De Accountantskamer:

·         verklaart de klacht in alle onderdelen gegrond;

·         legt ter zake aan betrokkene op de maatregel van doorhaling van de inschrijving van de accountant in het register als bedoeld in artikel 1, onder j. Wtra, welke doorhaling ingaat op de tweede dag volgend op de dag waarop deze beslissing onherroepelijk is geworden én de voorzitter van de Accountantskamer een last tot tenuitvoerlegging heeft uitgevaardigd;

·         bepaalt de termijn waarbinnen betrokkene niet opnieuw in het register kan worden ingeschreven op 8 (acht) jaren, ingaande aansluitend aan de termijn van 2 (twee) jaren, volgend uit de beslissing in de zaak 11/14 Wtra ;

·         verstaat dat de AFM, de voorzitter van het NIVRA dan wel de voorzitter van de NOvAA na het onherroepelijk worden van deze uitspraak én het uitvaardigen van een last tot tenuitvoerlegging door de voorzitter van de Accountantskamer zorgt/zorgen voor opname van deze tuchtrechtelijke maatregel in het register, voor zover betrokkene daarin is of was ingeschreven.

Aldus beslist door mr. M.B. Werkhoven, voorzitter, mr. E.A. Maan (rechterlijk lid) en A.M.H. Homminga AA (accountantslid), in aanwezigheid van W. Welmers, secretaris, en in het openbaar uitgesproken op 17 september 2012.

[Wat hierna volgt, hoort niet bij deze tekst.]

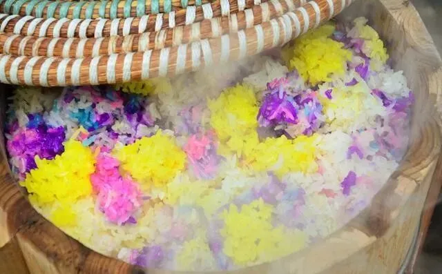 五彩糯米饭、时令鱼虾、荷叶鸡、荷叶粥、藕粉、三七炖鸡、酸汤鸡、紫洋芋……
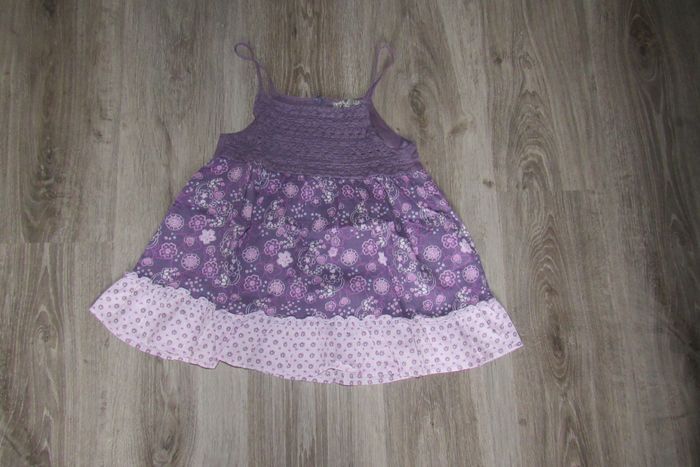 #10Ans_Fille_Nathg2210 DÉBARDEUR A BRETELLES MAUVE FILLE "VYNIL FRAISE BY GÉMO" - 10 ANS - n°03 Débardeur ou Chemisier à bretelles mauve - Motif fleurs multicolore - Haut violet brodé - Volant parme dans le bas - Forme évasée - Zip dos - Dimensions aisselle à aisselle : 33 cm et longueur totale : 42 cm - Matière : 100% coton. Article d’occasion en très bon état - Sans trou - Ni tache - Lavé et repassé pour la vente. Possibilité d'envoyer d'autres photos sur simple demande. Maison non-fumeur - Sans animaux. Réduction lot activée. Allez voir mes autres ventes, je vide les placards. Beaucoup de vêtements de marque et beaucoup de jouets. Remise en mains propres ou possibilité d'envoi au tarif en vigueur à votre charge. Retour Refusé. Pour tout renseignement, n'hésitez pas à me contacter, je répondrai volontiers à vos questions. Réponse Assurée. Pour Consulter mes autres annonces tapez Nathg2210.

_________                                                                                          __________

secretaris                                                                                            voorzitter

Deze uitspraak is aan partijen verzonden op:_____________________________

Ingevolge artikel 43 Wtra, juncto artikelen 31 en 32 Wet tuchtrechtspraak bedrijfsorganisatie 2004, kunnen klaagster en/of betrokkene en de voorzitter van het NIVRA en/of de NOvAA tegen deze uitspraak binnen 6 weken na verzending daarvan hoger beroep instellen door het indienen van een beroepschrift bij het College van Beroep voor het bedrijfsleven, Postbus 20021, 2500 EA Den Haag. Het beroepschrift dient te zijn ondertekend en de gronden van het beroep te bevatten.